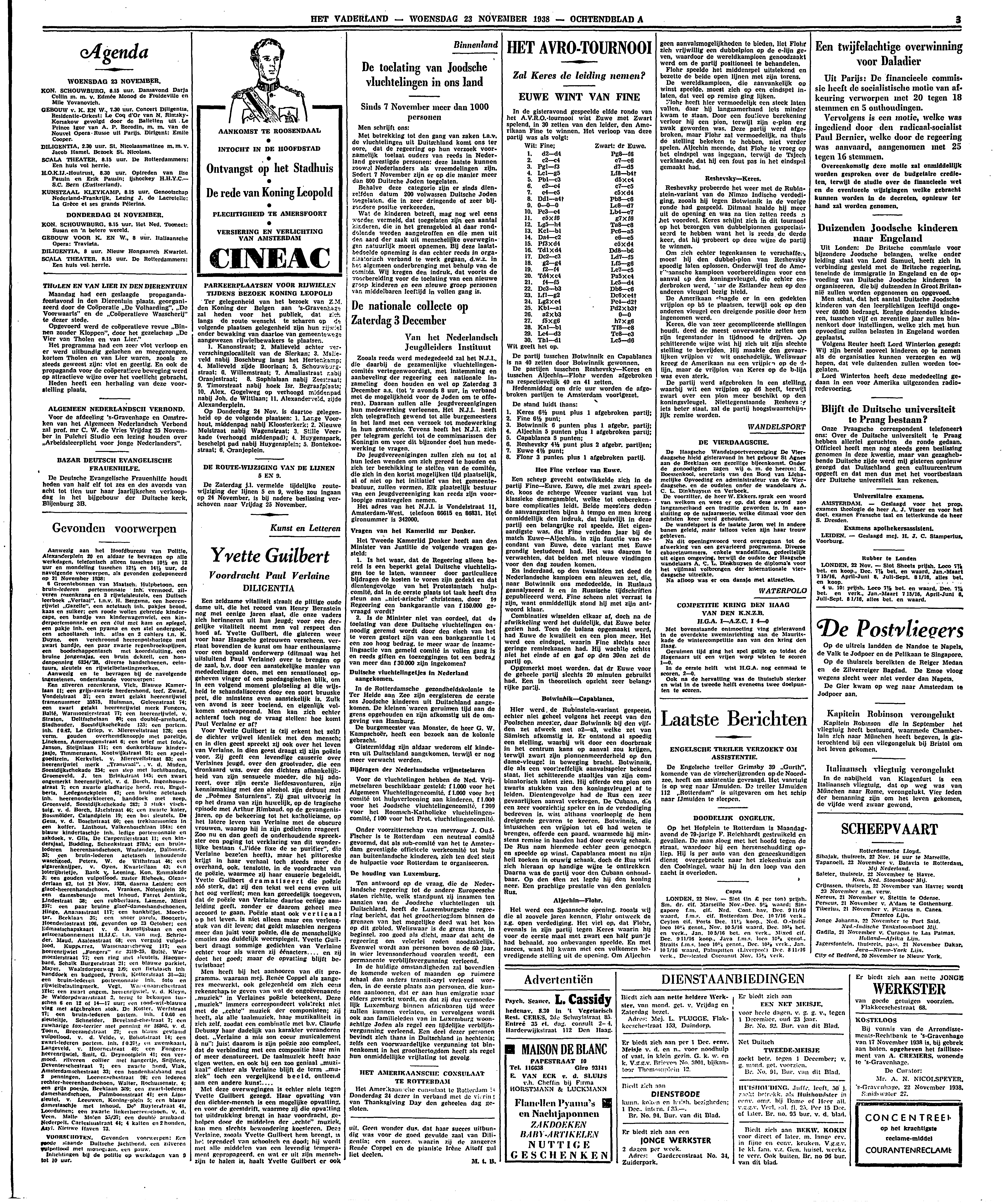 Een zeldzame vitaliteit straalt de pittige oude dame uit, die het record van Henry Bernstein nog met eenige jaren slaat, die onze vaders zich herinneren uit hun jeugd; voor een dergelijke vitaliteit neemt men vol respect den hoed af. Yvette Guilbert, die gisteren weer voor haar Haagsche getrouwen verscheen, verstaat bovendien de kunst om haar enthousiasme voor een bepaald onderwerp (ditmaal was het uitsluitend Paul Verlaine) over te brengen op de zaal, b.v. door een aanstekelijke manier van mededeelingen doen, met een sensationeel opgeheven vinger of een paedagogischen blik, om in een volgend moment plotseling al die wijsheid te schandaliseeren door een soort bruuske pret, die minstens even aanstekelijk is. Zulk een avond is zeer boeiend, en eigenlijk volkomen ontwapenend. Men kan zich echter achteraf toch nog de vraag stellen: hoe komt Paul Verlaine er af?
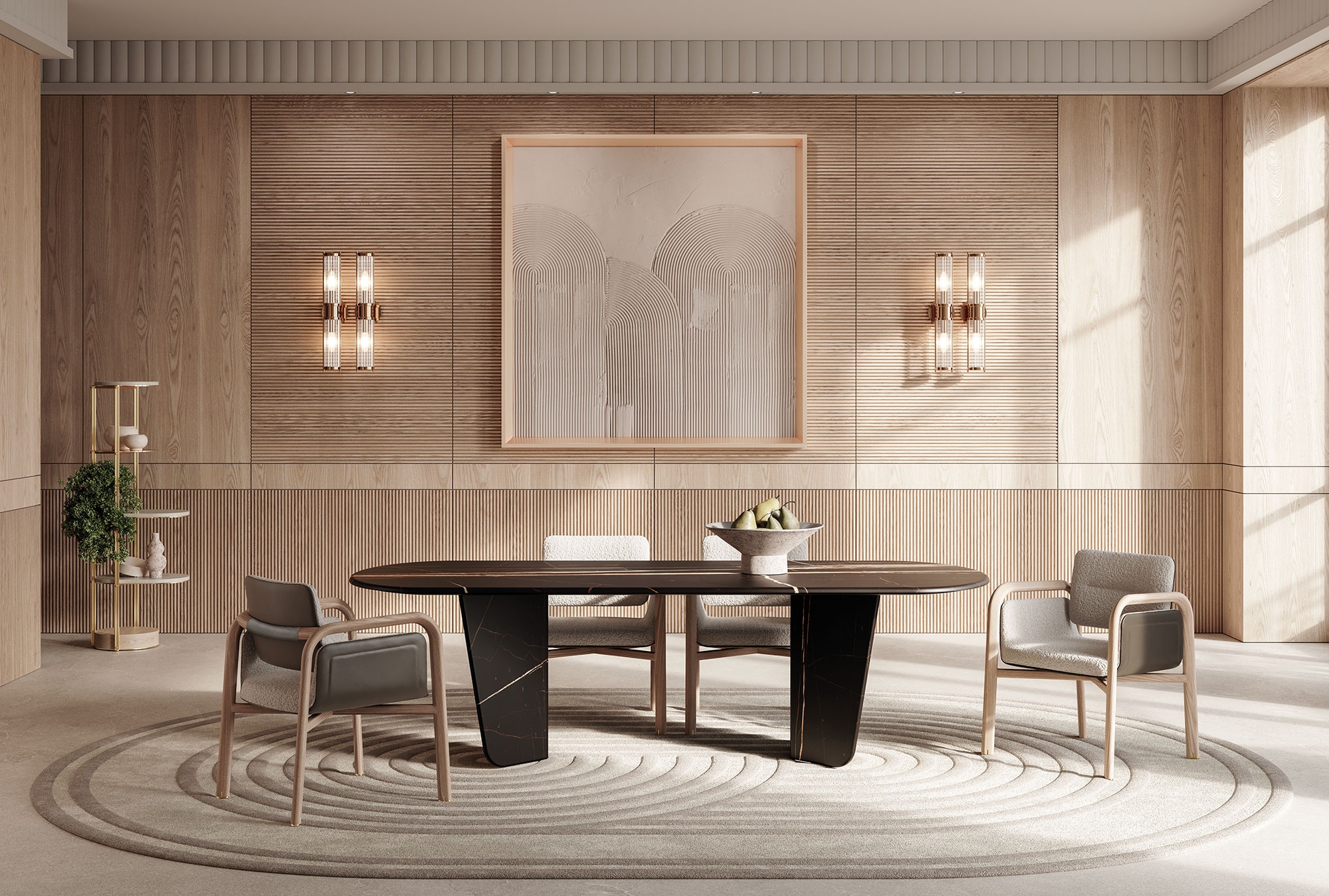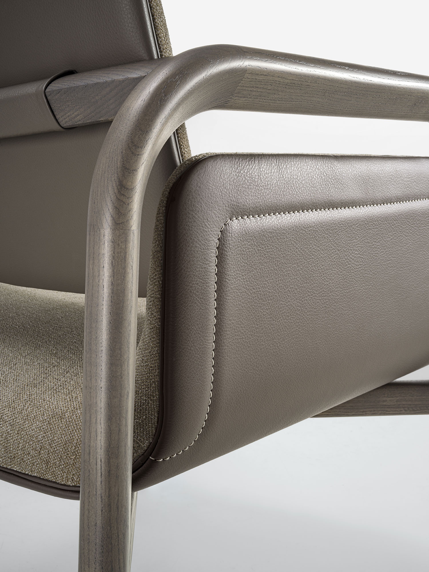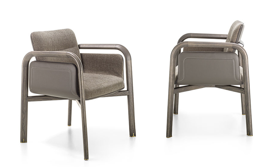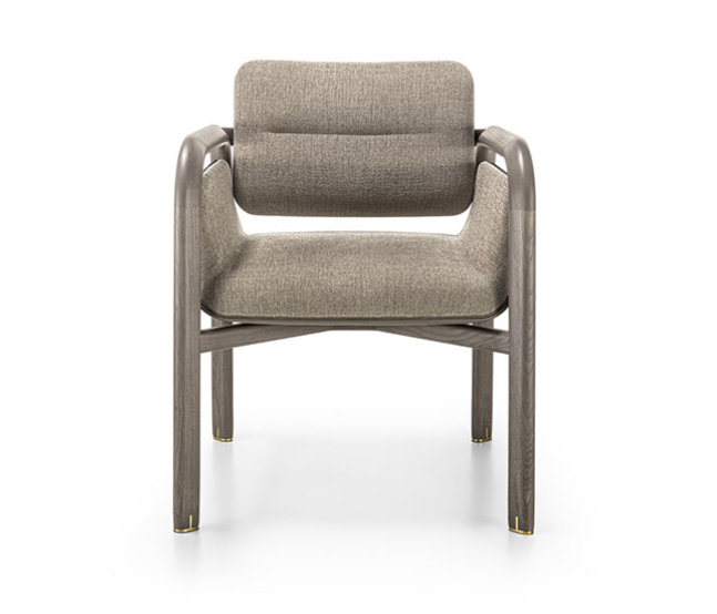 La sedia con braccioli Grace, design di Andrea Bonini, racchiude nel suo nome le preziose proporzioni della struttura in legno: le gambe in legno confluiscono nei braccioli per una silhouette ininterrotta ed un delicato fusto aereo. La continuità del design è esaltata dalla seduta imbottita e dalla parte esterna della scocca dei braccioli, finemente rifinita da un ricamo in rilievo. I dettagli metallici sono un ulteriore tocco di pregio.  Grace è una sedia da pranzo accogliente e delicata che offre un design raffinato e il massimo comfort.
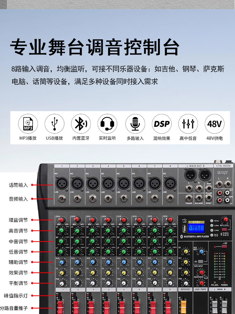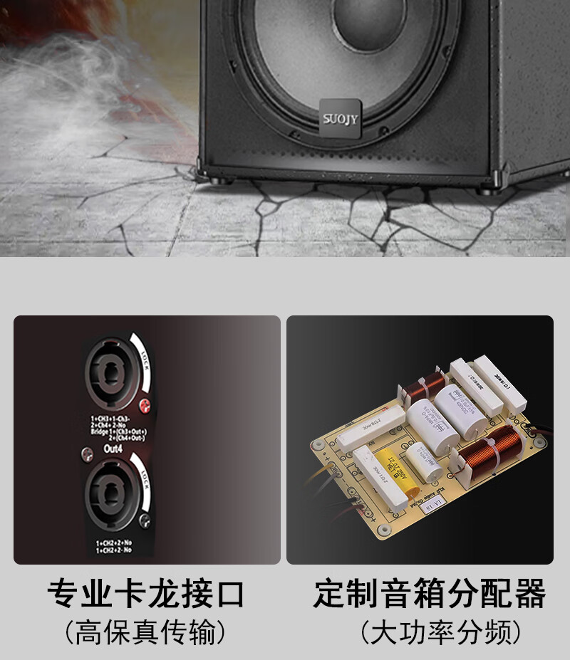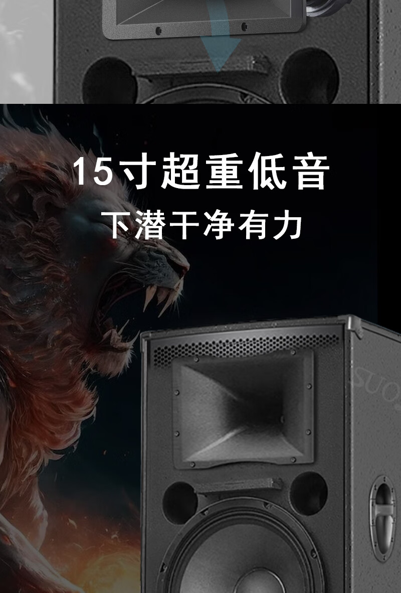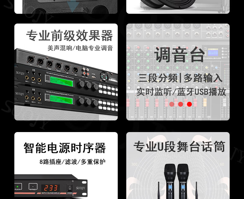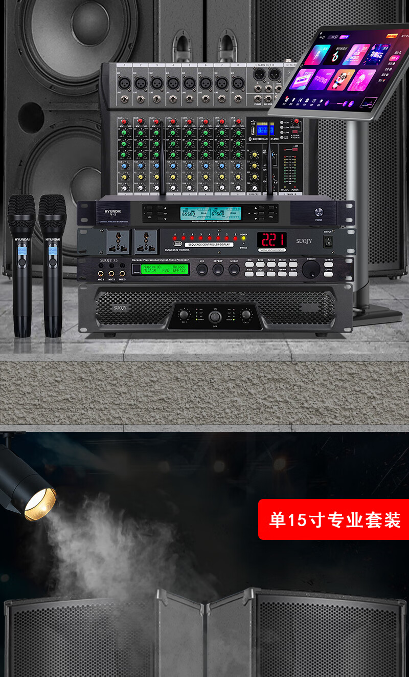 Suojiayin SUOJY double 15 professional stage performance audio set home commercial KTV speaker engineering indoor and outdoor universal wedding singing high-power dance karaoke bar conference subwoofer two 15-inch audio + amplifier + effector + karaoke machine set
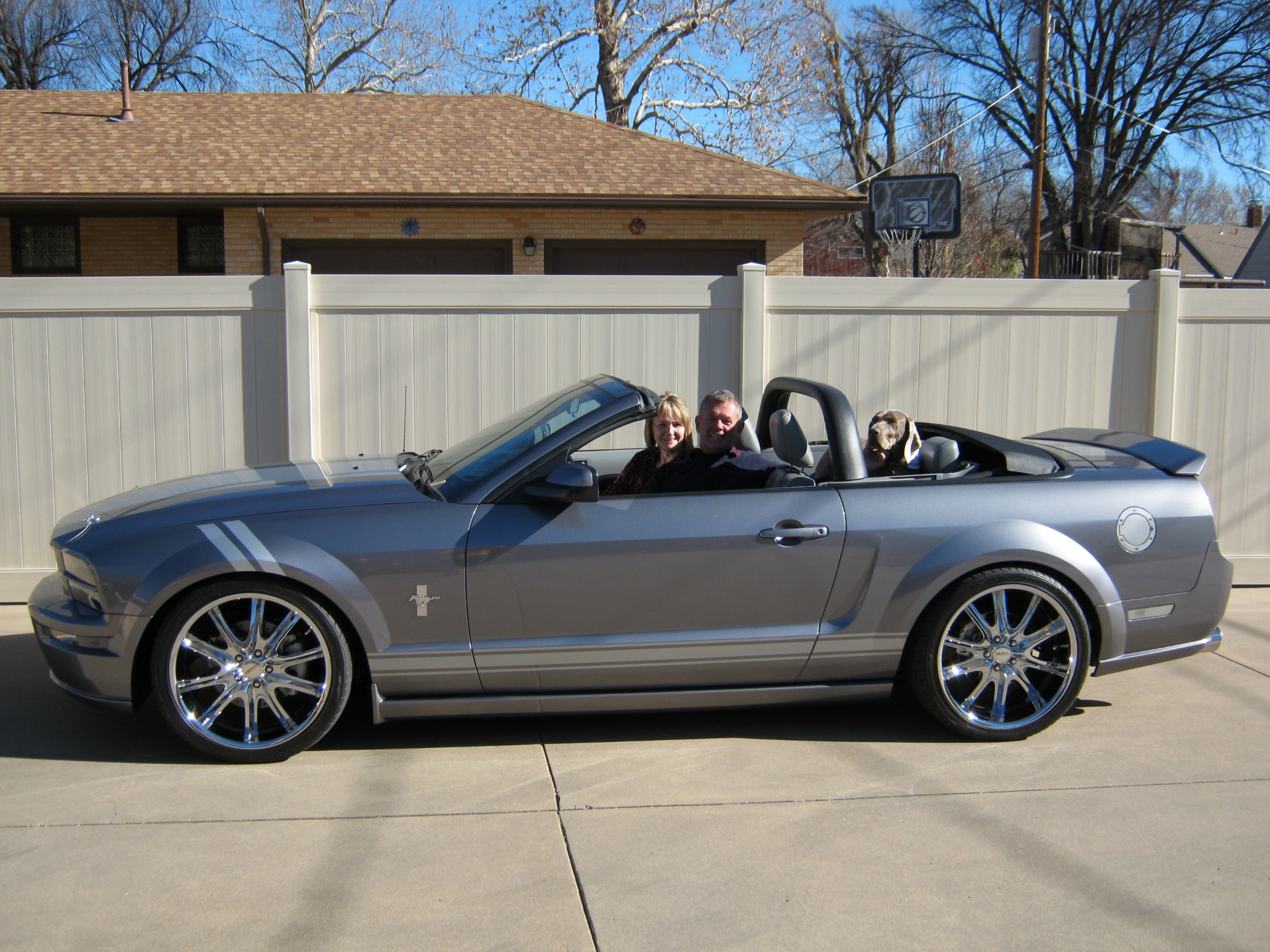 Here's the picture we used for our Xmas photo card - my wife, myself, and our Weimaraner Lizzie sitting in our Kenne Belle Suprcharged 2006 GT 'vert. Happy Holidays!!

TASK: Copy the lines above exactly. Do not include pictures.

ANSWER BOX:
 Een zeldzame vitaliteit straalt de pittige oude dame uit, die het record van Henry Bernstein nog met eenige jaren slaat, die onze vaders zich herinneren uit hun jeugd; voor een dergelijke vitaliteit neemt men vol respect den hoed af. Yvette Guilbert, die gisteren weer voor haar Haagsche getrouwen verscheen, verstaat bovendien de kunst om haar enthousiasme voor een bepaald onderwerp (ditmaal was het uitsluitend Paul Verlaine) over te brengen op de zaal, b.v. door een aanstekelijke manier van mededeelingen doen, met een sensationeel opgeheven vinger of een paedagogischen blik, om in een volgend moment plotseling al die wijsheid te schandaliseeren door een soort bruuske pret, die minstens even aanstekelijk is. Zulk een avond is zeer boeiend, en eigenlijk volkomen ontwapenend. Men kan zich echter achteraf toch nog de vraag stellen: hoe komt Paul Verlaine er af?
 La sedia con braccioli Grace, design di Andrea Bonini, racchiude nel suo nome le preziose proporzioni della struttura in legno: le gambe in legno confluiscono nei braccioli per una silhouette ininterrotta ed un delicato fusto aereo. La continuità del design è esaltata dalla seduta imbottita e dalla parte esterna della scocca dei braccioli, finemente rifinita da un ricamo in rilievo. I dettagli metallici sono un ulteriore tocco di pregio.  Grace è una sedia da pranzo accogliente e delicata che offre un design raffinato e il massimo comfort.
 Suojiayin SUOJY double 15 professional stage performance audio set home commercial KTV speaker engineering indoor and outdoor universal wedding singing high-power dance karaoke bar conference subwoofer two 15-inch audio + amplifier + effector + karaoke machine set
 Here's the picture we used for our Xmas photo card - my wife, myself, and our Weimaraner Lizzie sitting in our Kenne Belle Suprcharged 2006 GT 'vert. Happy Holidays!!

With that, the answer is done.